Long story long, I had to go get a stronger hydrocortisone cream than the one I had and more Benadryl. And on the way to the pharmacy I slipped in my garage and wrenched my knee, however, I’ll probably die before going back to the emergency room. I’ll live with the limp.

Oh, and the pain, it was my esophagus. It’s a side effect of my chemo. But at least now I know my heart is good, my lung has a node, and I’m allergic to contrast. And the ER housekeeping crew knows I have very little underboob.

A Simpler Time

I got a postcard from Sunshine today. Where’s Sunshine been, you ask? Europe…over three months ago.

Aww, October 2018. It was a different time. I didn’t know I had cancer. My goal for the month was to get a doctor and get through the series “The Vampire Diaries”. Not a season, mind you, the whole series. And Sunshine was in Europe for three weeks of the month.

I was also dreaming about the lottery. Remember when it was really high around that time? Instead of looking up shady doctors, I was on Zillow planning which side of the park I was going to live in a four bedroom in Manhattan for two years. Picture of the floor plan? Yes, please.

It was a simpler time. And I don’t want to be all cancer, cancer, cancer but it has consumed my life…and my colon. And I’m off schedule by a week. Remember my tight timeline to get this wrapped up before Moonshine’s graduation? Cancer doesn’t care.

Picture this, Tenderheart and I go to Joann’s to get yarn because we’re going to my chemo and are going to knit/crochet. She knits, I crochet. We’re ready. We have my chemo bag, my new “Knit Happens” reusable bag, and a bunch of yarn. I go to get my blood taken and then wait. “Hurry up and wait” should be the slogan of any hospital.

We finally see the PA, which was okay because the appointment two weeks before, the oncologist made me wait 45 minutes after my appointment time. I hate it. All of it. She quickly tells me my neutrophils are too low to get chemo that day.

I don’t understand, we have yarn. And I feel good. Is there really such a thing as “neutrophils”? Sounds made up.

Apparently it needs to be at 1,000 and it’s at 800, which doesn’t sound terrible but she is unmoved. “But I feel really good,” I tell her. And then I burst into tears. “I’m on a tight timeline.” “Moonshine’s graduation.” “We brought yarn.” “I have people flying in to come to chemo appointments with me.” Un. Moved.

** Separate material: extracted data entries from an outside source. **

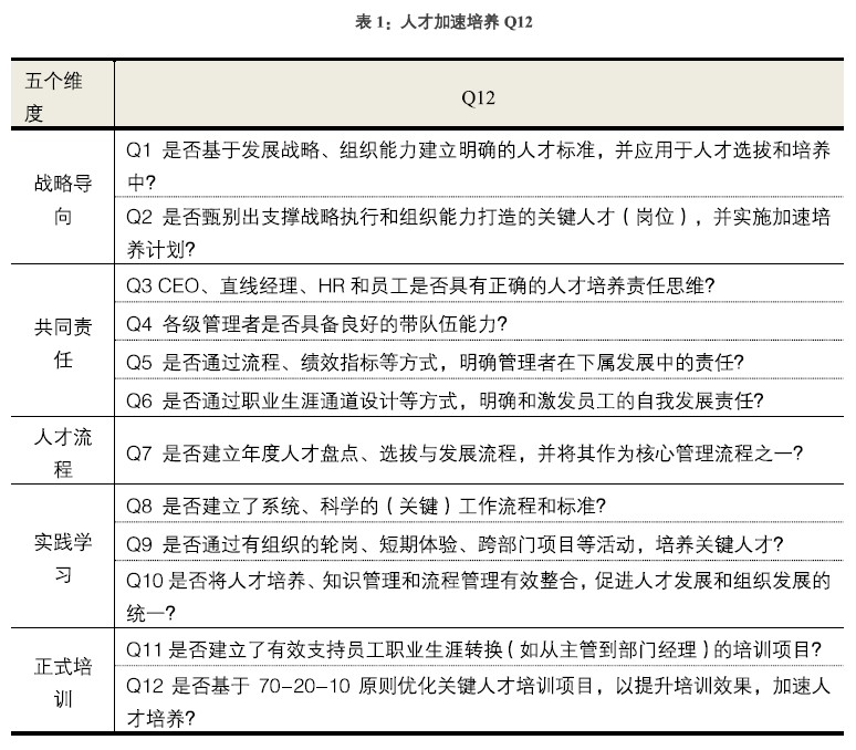 基于人才加速培养模型的五大方面,赛普细化出人才加速培养的Q12,并细化为24个更具体的维度。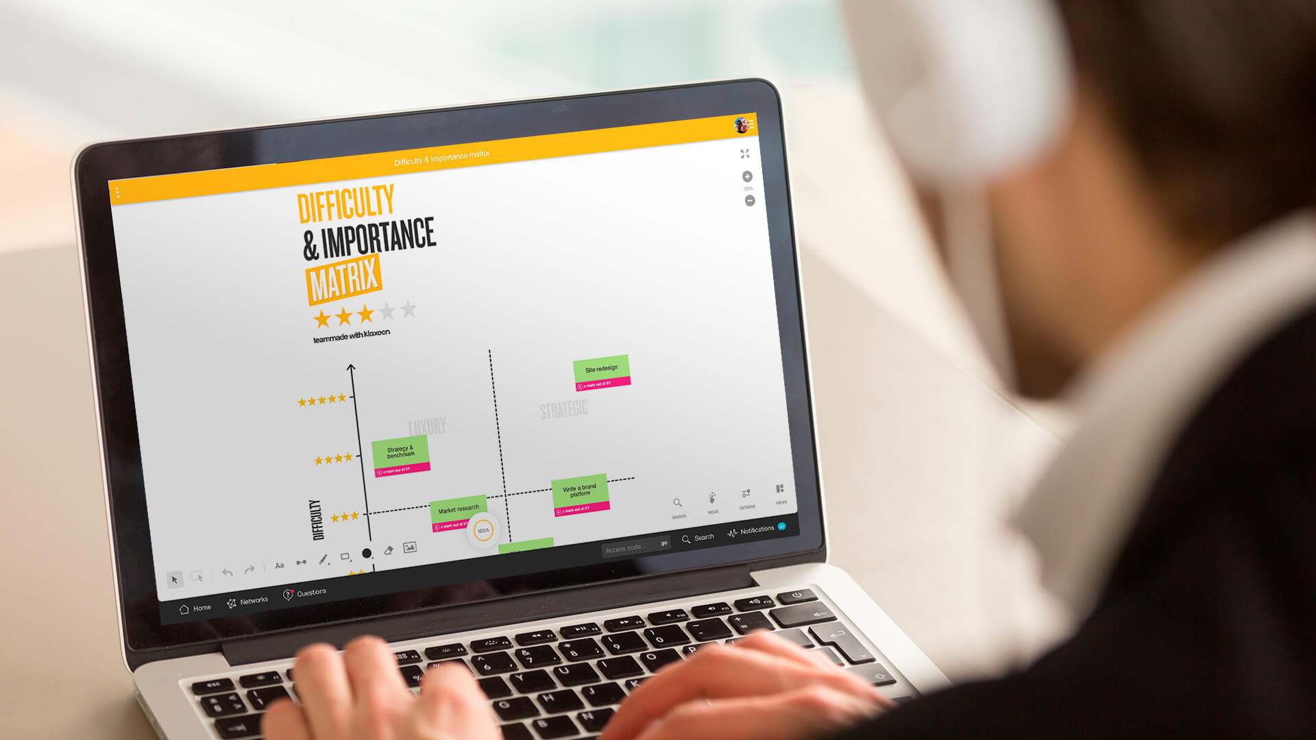 How do you prioritize tasks? As a team, rank them in order of importance, and then assess their feasibility. The simple visual design and features of Board, Klaxoon’s whiteboard, help you to work as a team easily, in person or remotely, to compare your data in the matrix. The horizontal axis represents the importance; the vertical axis represents the difficulty. This way, you can thus visualize priorities at a glance.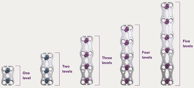 The Anterior Cervical Plate System by NuVasive comes in an array of implant options with optimized plate lengths, stiffness, and profile for every level. The plates are designed with a lordotic curve, but if necessary, the plate can be manually contoured between the screw holes and retaining mechanisms for customized lordosis.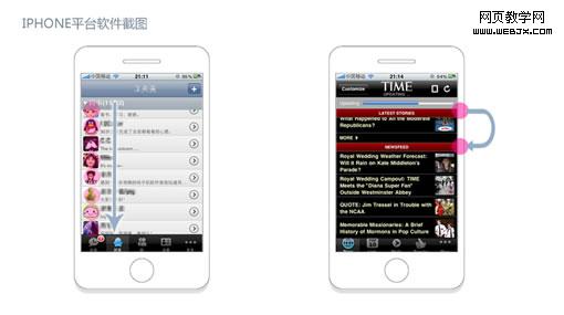 左图为IPHONE平台QQ2010界面,视觉通过鲜明彩色的头像图片牵引视线顺势向下。

Tenderheart had a look of panic and tells me it’s okay about 100 times. I think if she tried to say anything else she was going to burst into tears too. I tried to be strong. I tried not to cry but the truth is, chemo sucks. And I hate it and I have to psych myself up to go every single time. I can taste the saline flush they do and have to have mints, my mouth tastes metallic, I’m nauseous, it’s awful, so the fact that I show up should be enough of a requirement for me to get it. And the fact that I couldn’t get it was just too much to bear at that moment.

I pulled myself together and Tenderheart and I walked back to the valet to get our car. We felt like we got a half day. And if it hadn’t thrown me completely off with my work schedule and people flying in, it would have been a really nice time. Tenderheart said she felt like I got her out of school early to hang out.

And I know in the whole scheme of things, it is what it is. It’s completely out of my control, which is the problem. I’m not that great of a “go with the flow” gal. I like a plan. Unless, of course, I win the lottery and live in a little flat overlooking Central Park for two years. East or west, doesn’t really matter to me. Then I’ll be as go with the flow as you like. But until then, I’m at the mercy of my “neutrophils” and my white blood cells and my oncologist.

And if you’re wondering, I sure did make it through the entire series of “The Vampire Diaries” in October. It was a simpler time.